W 2013 roku Chiny wysłały jednocześnie w kosmos trzy niejasne satelity. Według dostępnych danych jeden z nich nosił mechaniczne ramię. Podczas lotu urządzenie to zmieniło swoją trajektorię, odbiegając od oryginału o prawie 150 km. W ten sposób zbliżył się do innego towarzysza. Po opublikowaniu informacji o takich manewrach pojawiły się obawy o możliwość wykorzystania satelity z manipulatorem w roli przechwytującego.
Pokonaj bez kontaktu
W niedalekiej przeszłości dowiedział się o istnieniu obiecującego projektu broni antysatelitarnej zdolnej do zneutralizowania celu bez bezpośredniego kontaktu z nim.
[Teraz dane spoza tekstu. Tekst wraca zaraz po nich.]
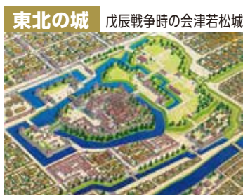
東北の城 戊辰戦争時の会津若松城
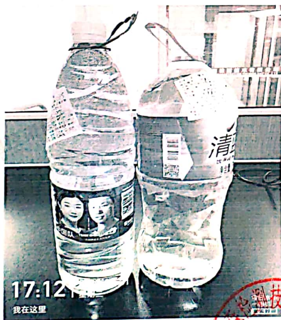
图 1: 送检样品
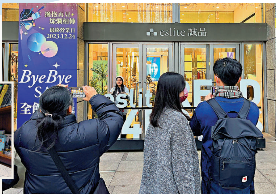
▲12月24日，位於台北市的誠品信義店最後一日營業，吸引民眾前來購書購物、打卡留念。圖為民眾在書店門口拍照留念。
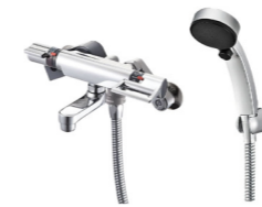
サーモシャワー水栓
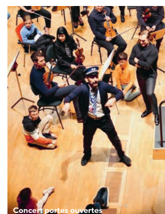
Concert portes ouvertes
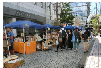
■みとのブックフリマ (9/17) 読み終えた本や自主制作冊子を販売する本限定のフリマ。歩行者天国にした通りでオープンカフェ&バルも開催。
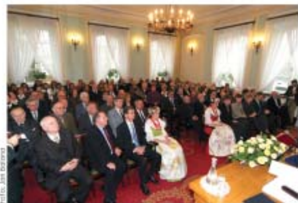
Uroczystość wręczenia dyplomu odbyła się 5 grudnia 2006 roku w sali im. Józefa Brudzińskiego w Pałacu Kazimierzowskim w Warszawie – rektoracie Uniwersytetu Warszawskiego
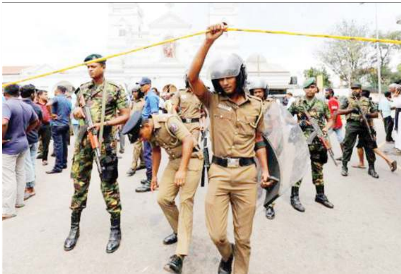
Polisi na wanajeshi nchini Sri Lanka wakiweka ulinzi kwenye moja ya kanisa lililoshambuliwa.

Rais wa Sri Lanka, Maithripala Sirisena alisema majeshi ya ulinzi na polisi wameanzisha uchunguzi, huku viongozi mbalimbali duniani wakilaani mashambulio hayo. DW
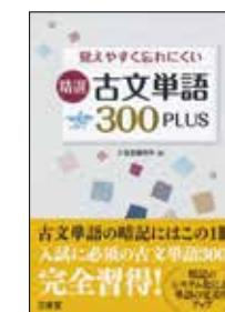
『古文単語300PLUS』(三省堂編修所編)

三省堂刊行の『古文単語300PLUS』をフラッシュカードで利用することができます。
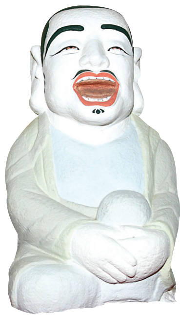
〈거조암 아난다 나한상〉

부처님의 말을 들은 정반왕은 손을 모아 합장했다. 그리고 눈을 감았다. 국상이 진행됐고, 부처님도 정성스럽게 아버지의 장례를 치렀다.
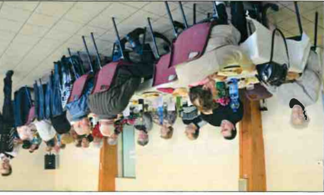
Les repas des Anciens
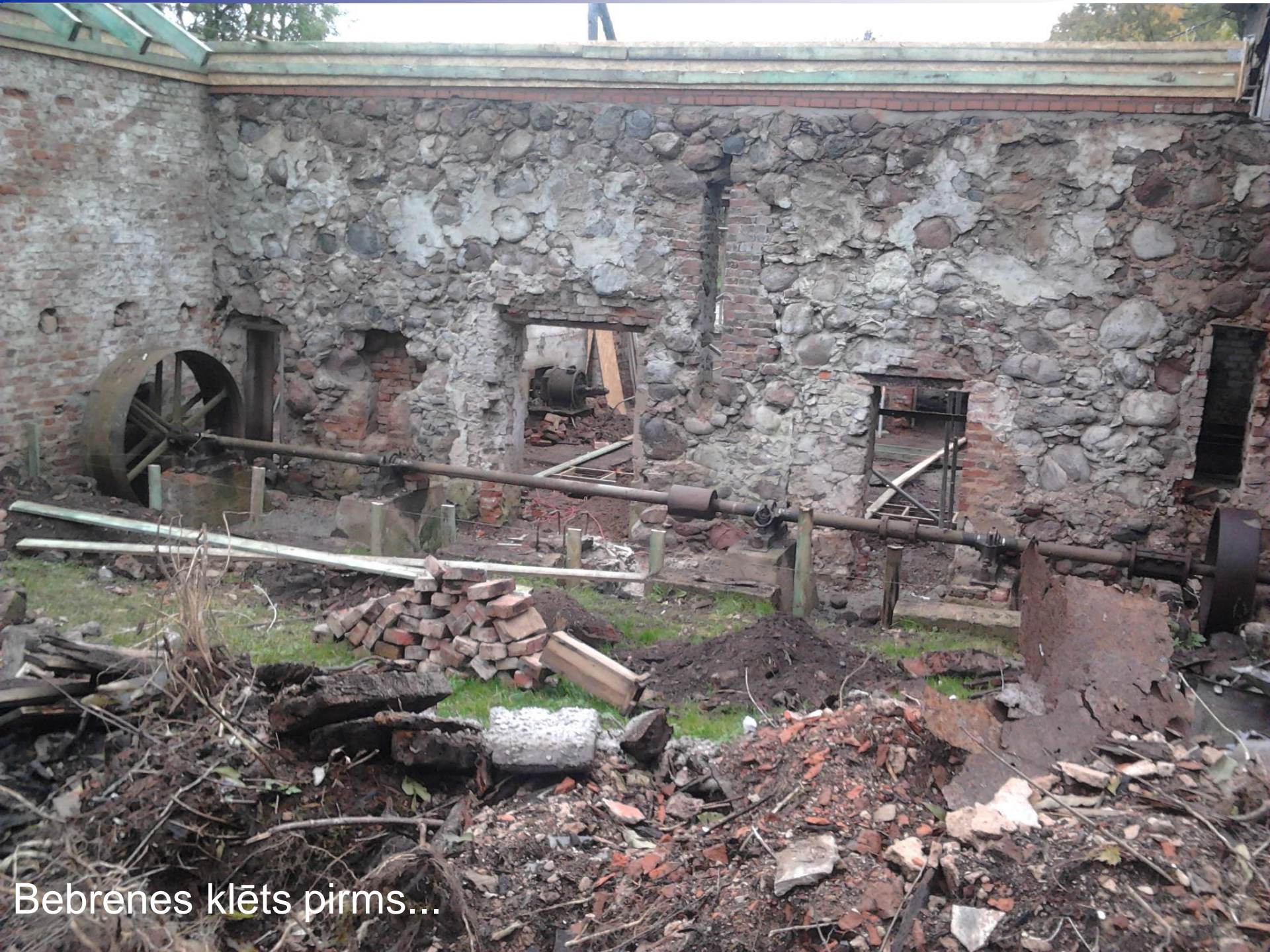
Bebrenes klēts pirms...
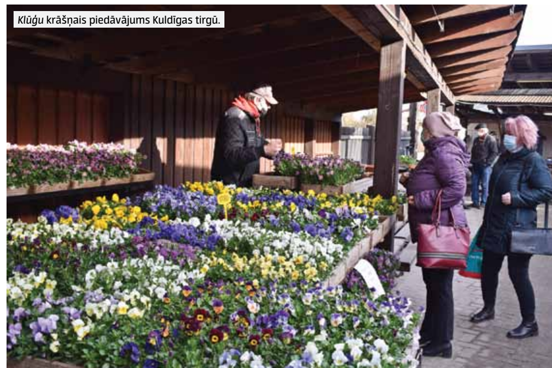
Klūģu krāšņais piedāvājums Kuldīgas tirgū.

Kādas ir pieprasītākās augļkoku un ogulāju šķirnes? Kas jāzina par tomātu audzēšanu? Kādus krāšņumaugus izvēlēties visai vasarai? Atbildes uz šiem un citiem jautājumiem sniedz mūspusē atzīti dārzkopji.
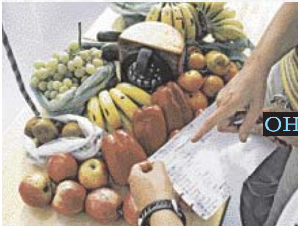
Welche Früchte halten sich im tropischen Klima am längsten? Auseinandersetzung mit der Lebensdauer von Nahrungsmitteln.
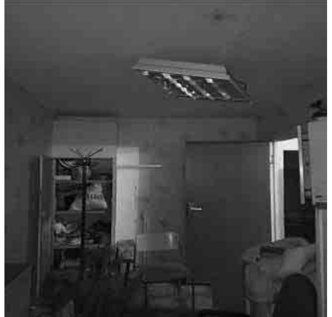
Фото №18 Внутренний вид
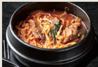
ユッケジャンラーメン 880円(税込)
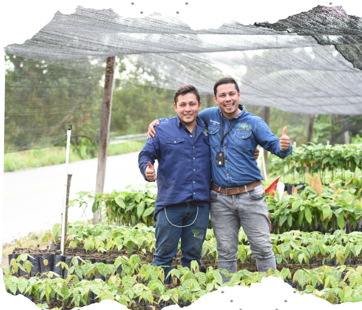
Trabajo en equipo
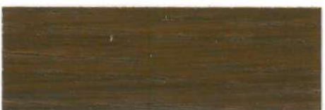
Nogal / Satinado
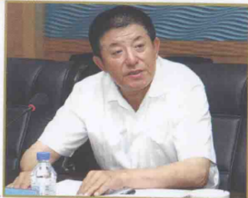
省局党组书记、局长孙云志在全省国税稽查局长会议上讲话

吉林省国家税务局稽查局在总局稽查局和省局党组的正确领导下,创新理念、求真务实、加强税警联合办案,创造性地开展税务稽查工作,为营造公平有序的纳税环境和建立良好的税收秩序做出了积极贡献。他们在“一级稽查”体制下,全面实施“重点稽查”,强化稽查选案准确率,加大稽查业务培训力度,提高查账技能,实施解剖性检查和查前辅导,集中优势稽查力量开展检查,重点突破案中案,加强稽查工作目标管理考核,取得了很好效果。2008年,全省各级国税稽查部门共检查纳税人4131户,有问题3706户,选案准确率89.64%;查补税款、
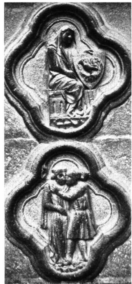
Keuschheit und Unkeuschheit

Um Zeiten des Abschiedes, des Loslassens, des Neuanfanges besser spüren zu können, nicht von den Aufbrüchen überrascht zu werden, braucht es eine neue Wahrnehmung in unserer Zeit. Capra sagt in seinem Buch «Wendezeit»: «Die Krise der Gesellschaft ist eine Krise der Wahrnehmung.» Wir Menschen hätten die Fähigkeit verloren, zu spüren, zu sehen und zu hören, wahrzunehmen, was wirklich mit uns und um uns herum geschieht, was wir als Menschen, was die gesamte Schöpfung braucht, was uns allen not tut, um in der Zukunft besser zu bestehen. Es zeigt sich hier das Problem der Überflutung durch Aktivitäten von aussen (Informationsflut,
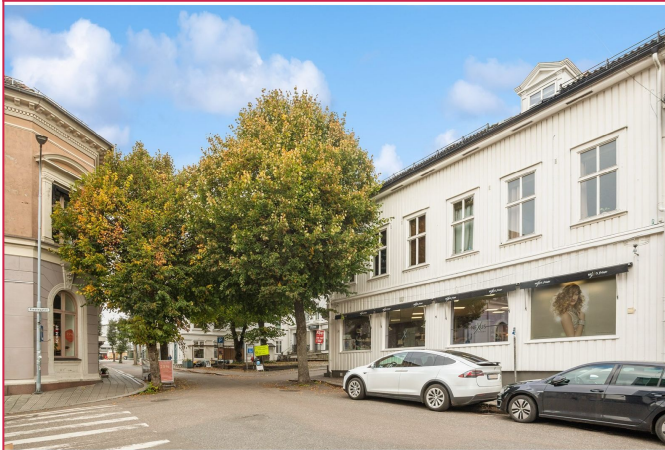
Leiligheten ligger i 3.etg
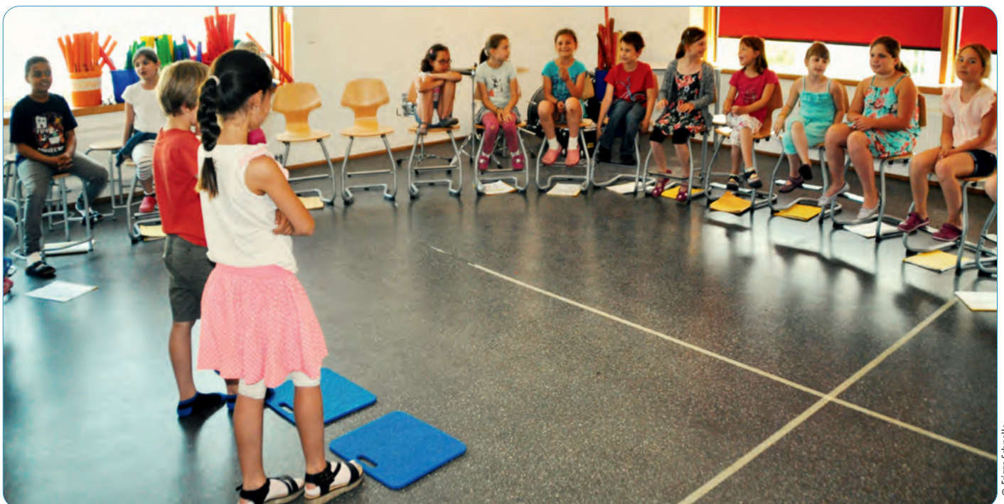
Die Klasse singt abwechselnd oder gleichzeitig die Silben des gesuchten Wortes, ein oder zwei Kinder erraten das richtige Wort.

■ Bei den Hörbeispielen auf der CD sollen die Schüler erkennen, welche Wörter gesungen werden. Das kann in Einzel-, Partner- oder Gruppenarbeit geschehen. ■

Mówimy o specjalistycznym systemie walki elektronicznej, zaprojektowanym w celu tłumienia kanałów komunikacji radiowej i, być może, pokonania elektroniki pokładowej aparatu docelowego.
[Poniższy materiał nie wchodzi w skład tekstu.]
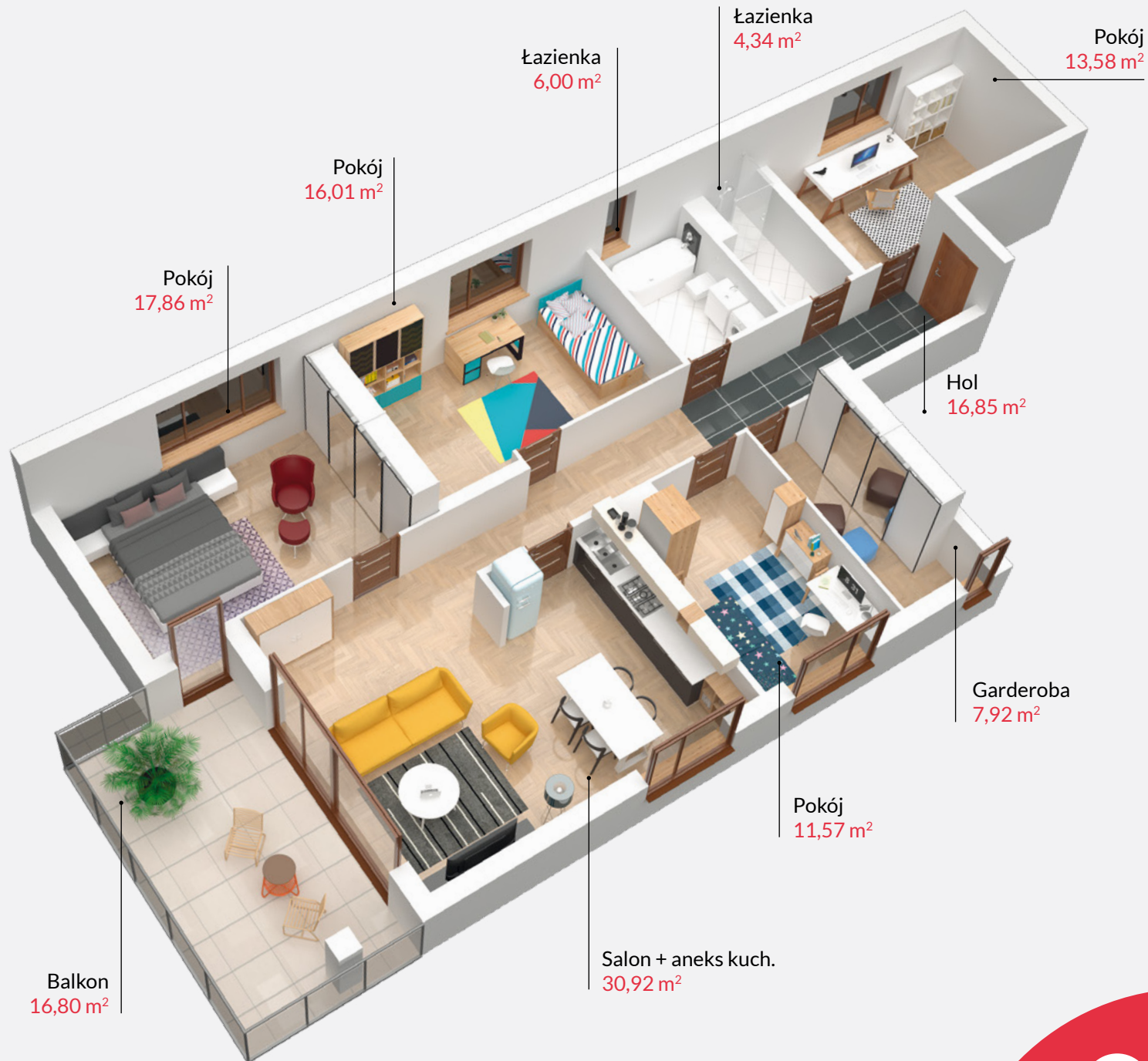
Rzut lokalu zaktada przykładowe umeblowanie pomieszczeń

SPRZEDAŻ MIESZKAŃ: kom.697 850 333 | saskalia@t1.pl
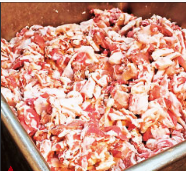
Makkaran pääraaka-aine on liha.
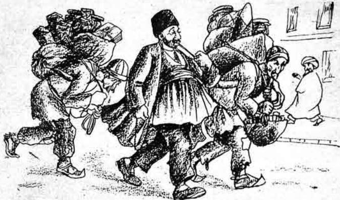
— اوشاقلار ایچون بر جزئی خم خورد آکیشام!
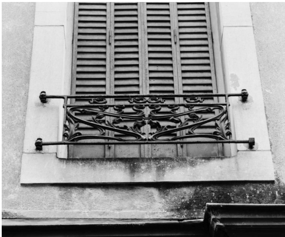
Détail du garde-corps d'une fenêtre.
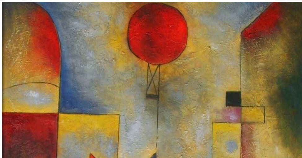
Figura 23:Obra Balão Vermelho (1922)
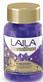
LAILA DORMIBENE 30 pastiglie gommose gusto frutti di bosco
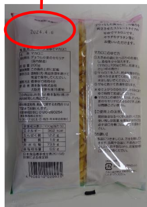
正常商品裏面画像

Myśliwiec MiG-31 i rakieta 79M6. Zdjęcia Militaryrussia.ru
Według dostępnych danych rozwój nowego rosyjskiego kompleksu walki elektronicznej z kodem Tirada-2 rozpoczął się w 2001 roku. W ubiegłym roku poinformowano, że przeprowadzono państwowe testy systemu Tirada-2S. W sierpniu br. na forum Army-2018 podpisano umowę na dostawę seryjnych produktów Tirada-2.3. Jednocześnie dokładne dane dotyczące składu, architektury, zadań i innych cech kompleksu nie zostały jeszcze ogłoszone.
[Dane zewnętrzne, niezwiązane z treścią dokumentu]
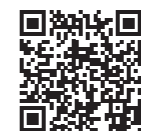
▲申し込みは ココから

第73回全国植樹祭の一般招 待者を募集します。 ◆開催日…令和5年6月4日(日) ◆場所…高田松原津波復興記念 公園 ◆募集人数…400人程度 ◆募集区分…個人または、2～ 5人以下のグループで申し込 んでください ▶個人…県内在住者で開催日時 時点で満18歳以上の人 ▶グループ…次の①～④の全て に該当 ①応募者全員が県内在住者 ②応募者全員が6歳以上 ③18歳未満の人がいる場合 は保護者の承諾がある ④代表者は18歳以上 ◆申し込み方法…専用サイトま たは郵送で申し込んでくださ い。詳しくは、全国植樹祭ホ ムページを確認するか問い合 わせてください ◆申込期限…12月23日(金) ◆その他…重複での申し込みは 無効とする場合があります ◆問い合わせ先…全国植樹祭推 進室(☎019-629-5810)
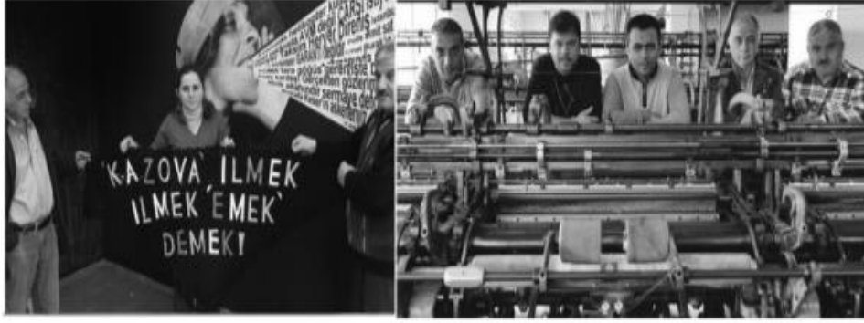
Resim 11. Kazova İşçileri: Bu Yılın Modası Direniş, 2013.
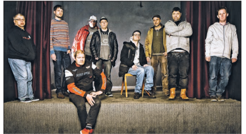
Die „Rockers“ sind eine der erfolgreichsten inklusiven Rockbands Deutschlands.
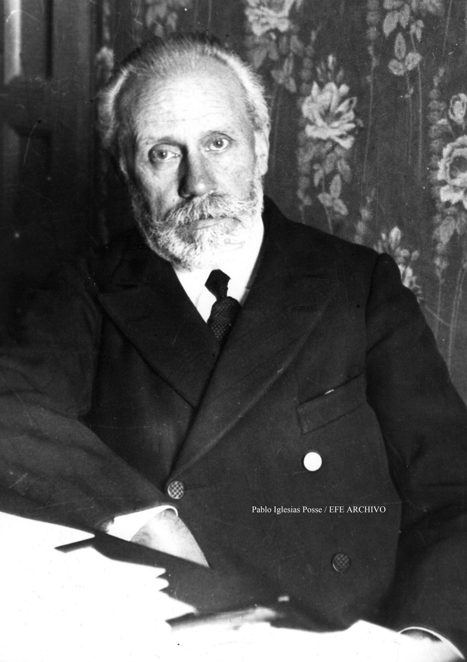
Pablo Iglesias Posse / EFE ARCHIVO
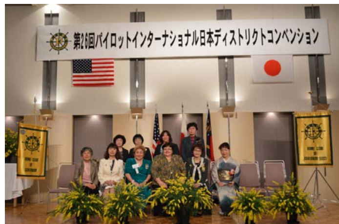
ホスティングクラブ びわこPC お世話になりました。
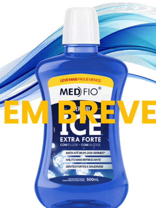
10.0039 Enxaguante Bucal Ice Extra Forte 500ml CX: 12

Com sensação intensa de limpeza, o Enxaguante Bucal Ice Extra Forte fortalece a rotina de higiene bucal e contribui para dentes mais saudáveis. Sua ação antimicrobiana elimina até 99,9% dos germes, garantindo uma proteção poderosa e duradoura.
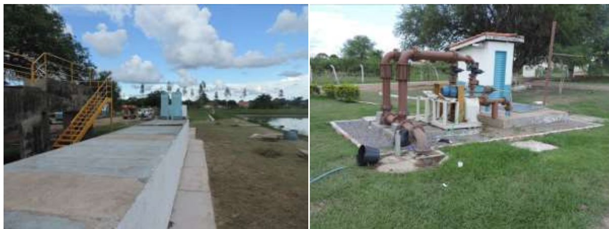
Figura 6: Vista geral da EEEB 001, Porto Murtinho, MS.

A EEEB 001 localiza-se na zona urbana de Porto Murtinho na Rua Cel. Alfredo Pinto, Bairro Jockey Club, dentro do pátio da ETE, coordenadas geográficas UTM (21 K) 409.265 E / 7.599.110 S, com função de recalcar todo o esgoto bruto coletado para a ETE Porto Murtinho. Encontra-se totalmente cercada, porém na porção oeste a cerca está caída (Figura 6). Não possui informação sobre extravasor.

Wcześniej stwierdzono, że kompleksy linii Tirada różnych modyfikacji mają na celu tłumienie kanałów komunikacji radiowej wykorzystywanych przez statki kosmiczne. Niemożność wymiany danych lub przesyłania różnego rodzaju sygnałów nie pozwala satelitowi na wykonywanie swoich funkcji. W ten sposób statek kosmiczny pozostaje na orbicie i pozostaje sprawny, ale traci zdolność rozwiązywania przydzielonych zadań. W rezultacie przeciwnik nie może korzystać z nawigacji, łączności i innych systemów zbudowanych z satelitów.
Systemy przyszłości
Współczesne armie krajów rozwiniętych najaktywniej wykorzystują zgrupowania kosmiczne z pojazdami o różnym przeznaczeniu. Za pomocą satelitów prowadzone są rozpoznanie, komunikacja, nawigacja itp. W dającej się przewidzieć przyszłości statki kosmiczne pozostaną najważniejszym elementem obrony i istnieją powody, by sądzić, że ich znaczenie dla armii będzie rosło. W rezultacie siły zbrojne potrzebują również środków do zwalczania wrogich statków kosmicznych. Rozwój takich systemów trwa od połowy ubiegłego wieku i przyniósł pewne rezultaty w wielu dziedzinach. Jednak ze względu na swoją szczególną złożoność systemy antysatelitarne nie są jeszcze szeroko rozpowszechnione.
Jednak potrzeba broni antysatelitarnej jest oczywista. Pomimo złożoności takich systemów, wiodące kraje nadal je rozwijają, a najbardziej udane modele nawet wchodzą do użytku. Nowoczesna broń przeciwsatelitarna generalnie radzi sobie z powierzonymi zadaniami, choć ma ograniczony potencjał pod względem wysokości i celności. Ale jego dalszy rozwój powinien prowadzić do pojawienia się nowych próbek o specjalnych cechach i możliwościach. Czas pokaże, jakie warianty broni przeciwsatelitarnej zostaną opracowane w najbliższej przyszłości i trafią do eksploatacji.